- **TASK OBJECTIVE**:
Using the data below, print exactly the line with "Max. vzdialenosť od steny: 21,8 cm", the line with "今天的预期交易区间在1990.00支撑位和2020.00阻力位之间。", and every line between them, but none of the pictures.

===== LISTED ENTRIES =====

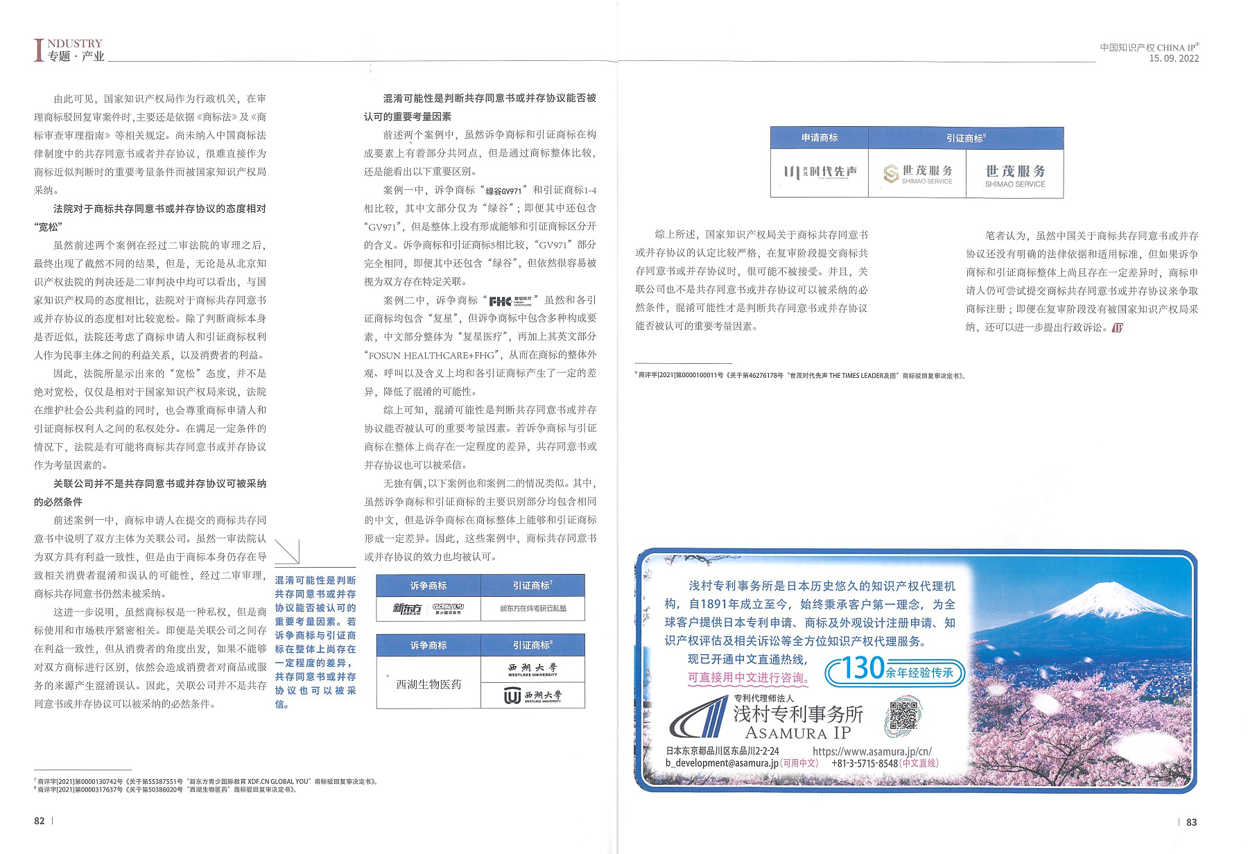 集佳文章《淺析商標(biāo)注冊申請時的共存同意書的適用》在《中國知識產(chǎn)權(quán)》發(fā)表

=====
===== LISTED ENTRIES =====

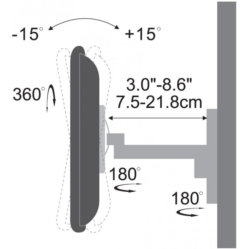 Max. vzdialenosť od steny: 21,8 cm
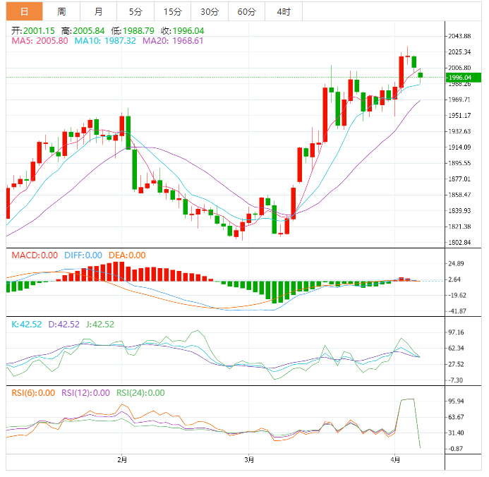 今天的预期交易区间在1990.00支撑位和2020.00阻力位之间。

=====

- **ANSWER SPACE**:
 Max. vzdialenosť od steny: 21,8 cm
 今天的预期交易区间在1990.00支撑位和2020.00阻力位之间。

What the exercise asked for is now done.